Primero que todo, y antes que nada: anulamos funa. Tenemos un punto y lo demostraremos.
La Met Gala 2026 acaba de dejarnos con la retina vibrando, y mientras medio Internet está procesando los tocados imposibles y las caudas kilométricas, el otro medio tiene a una sola persona en la mira: Rosé. Nuestra main vocal favorita de Blackpink volvió a pisar las escaleras del Museo Metropolitano y, como si fuera un glitch en la Matrix, lo hizo envuelta en el color que parece ser su religión: el negro.

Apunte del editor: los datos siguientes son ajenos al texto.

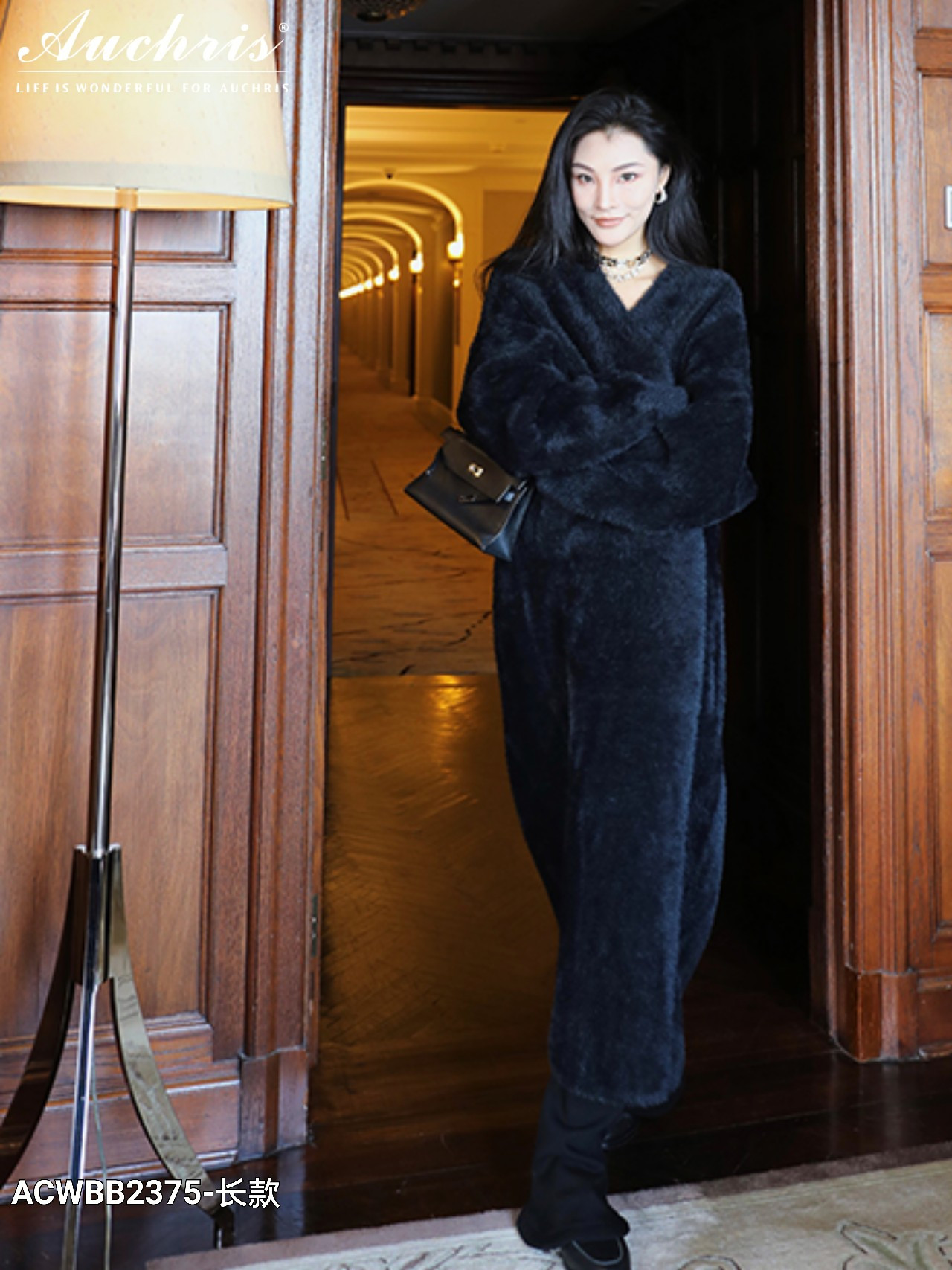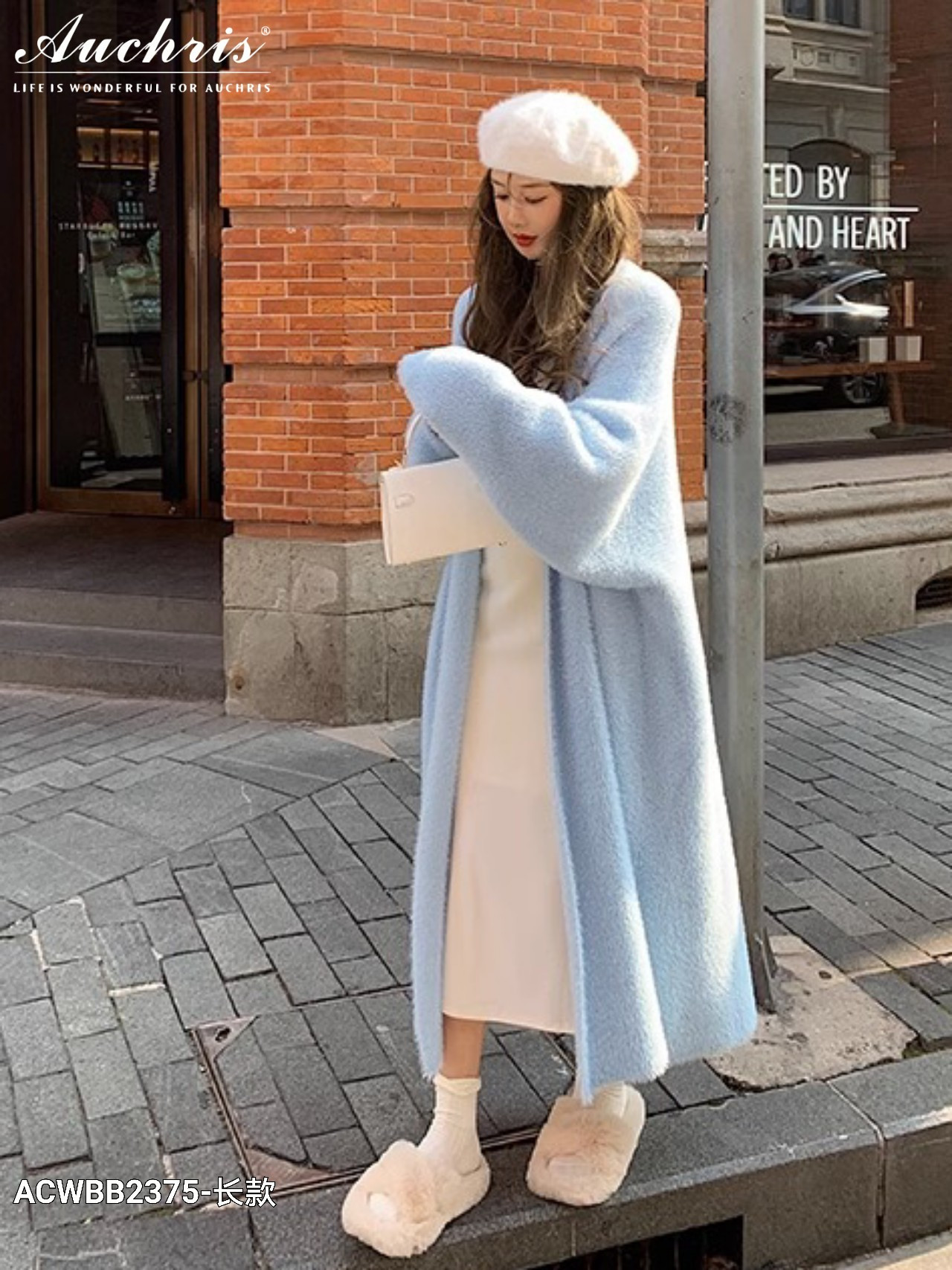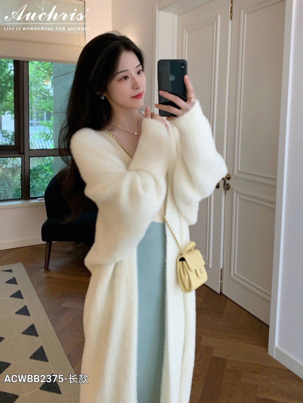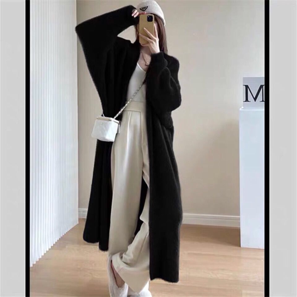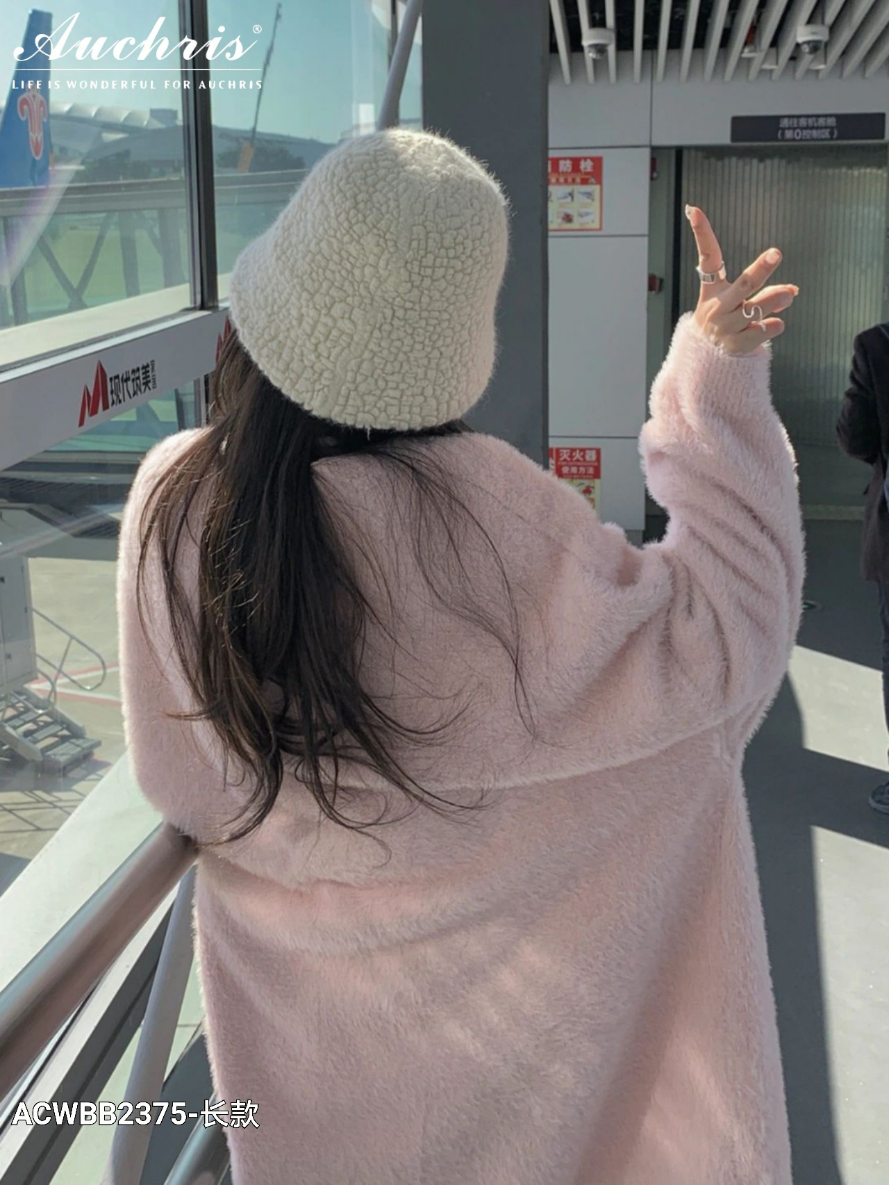 【商品名称】慵懒风中长款过膝仿水貂绒毛衣外套

Hablemos claro, antes de que los blinks preparen las antorchas. Rosé se ve espectacular, eso no está a discusión. Su silueta es envidiable y tiene esa elegancia natural que ya quisiera cualquier heredera de Upper East Side. Sin embargo, verla por tercera vez apostando a la “seguridad” del monocromo oscuro cuando el tema de este año pedía a gritos una explosión visual, se siente un poquito como ir a una fiesta de disfraces vestida de… ti misma.

El historial que nos tiene viviendo en un déjà vu constante
Para entender por qué el “Fashion Police” de TikTok está a punto de colapsar, hay que mirar el retrovisor. En su debut en 2021, Rosé hizo historia como una de las primeras idols de K-pop en el evento, luciendo un minivestido negro de Yves Saint Laurent con un lazo blanco gigante. Fue icónico, fue minimalista, fue “muy ella”. Luego, en su siguiente aparición, la fórmula se repitió con variaciones sutiles pero bajo la misma premisa: elegancia sobria, cero riesgos, y ese sello parisino que Anthony Vaccarello ha tatuado en su ADN.

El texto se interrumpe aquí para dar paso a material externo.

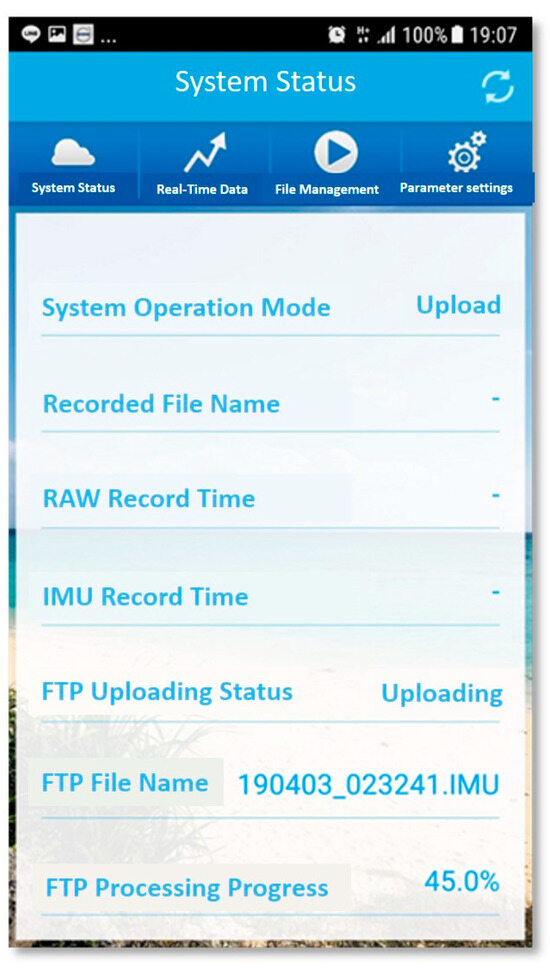 Figure 3. A custom-developed mobile app device was used to control the start and stop of GNSS/IMU data recording, upload data to the backend server, query the current GNSS/IMU position of the buoy, and check its recording status. - (6)
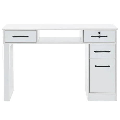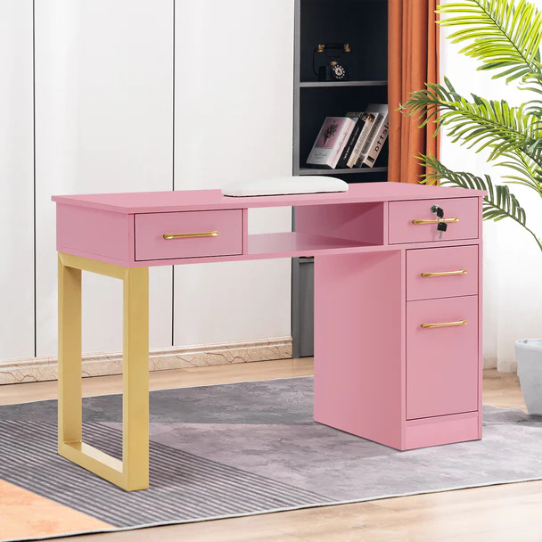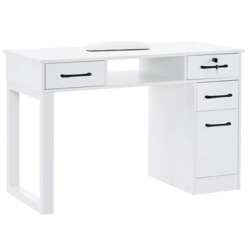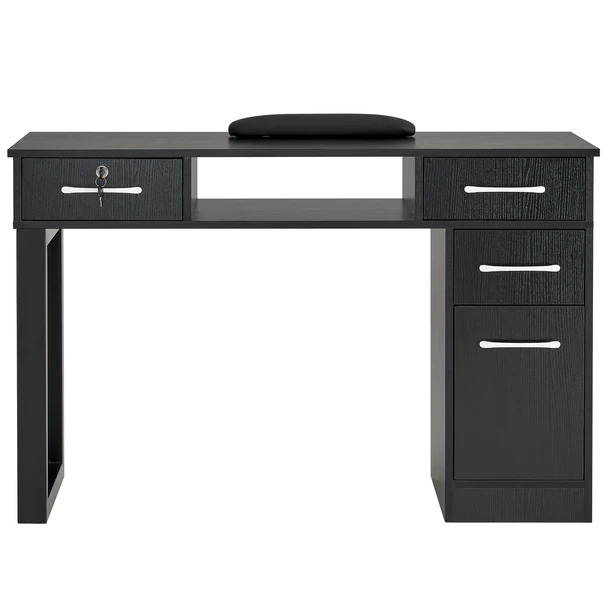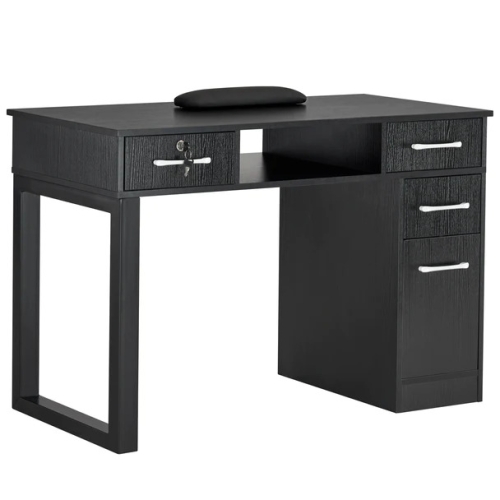 - Ergonomic Design: With an elegant wrist rest padding for providing comfortable support to client's arm, this beauty salon workstation could help relieve soreness caused by long-time manicure. The Arc-shaped handles offer the perfect grip for your drawers.

Este 2026, la apuesta fue un YSL rescatado de los archivos, con referencias directas a las pasarelas SS98 y SS02. Es una joya de museo, literalmente. Pero aquí es donde entra el “filo”: usar un archivo histórico no te quita lo aburrida si el resultado visual es el mismo que hemos visto en las últimas cinco alfombras rojas. El problema no es el diseñador, es que parece que Rosé tiene miedo de que un color primario le robe el brillo, cuando sabemos de sobra que ella tiene el porte para dominar hasta un verde neón si quisiera.
¿Lealtad a la marca o falta de visión editorial?

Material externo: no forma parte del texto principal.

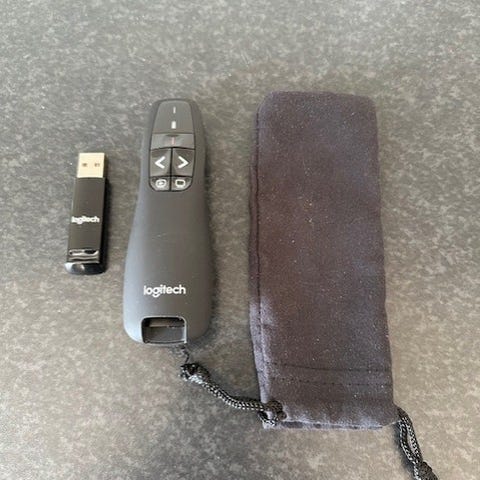 Logitech R400 Wireless Presenter sælges brugt, men fungerer fint.

Muchos culpan a su equipo de estilismo, pidiendo a gritos que “despidan a quien no la deja lucir”. Pero seamos realistas: Rosé es la cara global de Saint Laurent. Esa alianza es un matrimonio sólido, y como todo matrimonio largo, a veces cae en la rutina.
El problema es que en la Met Gala, la rutina es el pecado capital. Mientras otras estrellas se lanzan al vacío con estructuras arquitectónicas o textiles experimentales, Rosita sigue en su zona de confort de “chica rock-chic de París”.
¿Es aburrida o es simplemente coherente? Hay una línea muy delgada entre tener un estilo personal definido y quedarse estancada en un loop estético. Decir que no tiene “buen ojo para la moda” es un golpe bajo, porque su curaduría es impecable, pero la moda también es espectáculo. Si vas a la noche más importante de la industria, esperamos que nos cuentes una historia nueva, no que nos leas el mismo capítulo con una tipografía diferente.
El veredicto: Queremos a la Rosé que incendia el escenario
Nadie está diciendo que se disfrace de árbol de Navidad, pero tras tres años de Met Gala, el argumento de “lo clásico siempre gana” se empieza a desgastar. Rosé tiene la influencia, el dinero y la percha para exigir piezas que rompan el Internet por su audacia, no solo por su cara bonita.
Es hora de aceptar que, aunque se ve como una diva inalcanzable, nos está debiendo ese momento “wow” que nos deje boquiabiertos. Rosé, te amamos, pero la próxima vez, por favor, danos un color, un volumen, una textura… ¡algo que no parezca que vas a un funeral muy elegante en el distrito 16 de París!
La seguridad es para los aeropuertos, para la Met Gala, queremos fuego.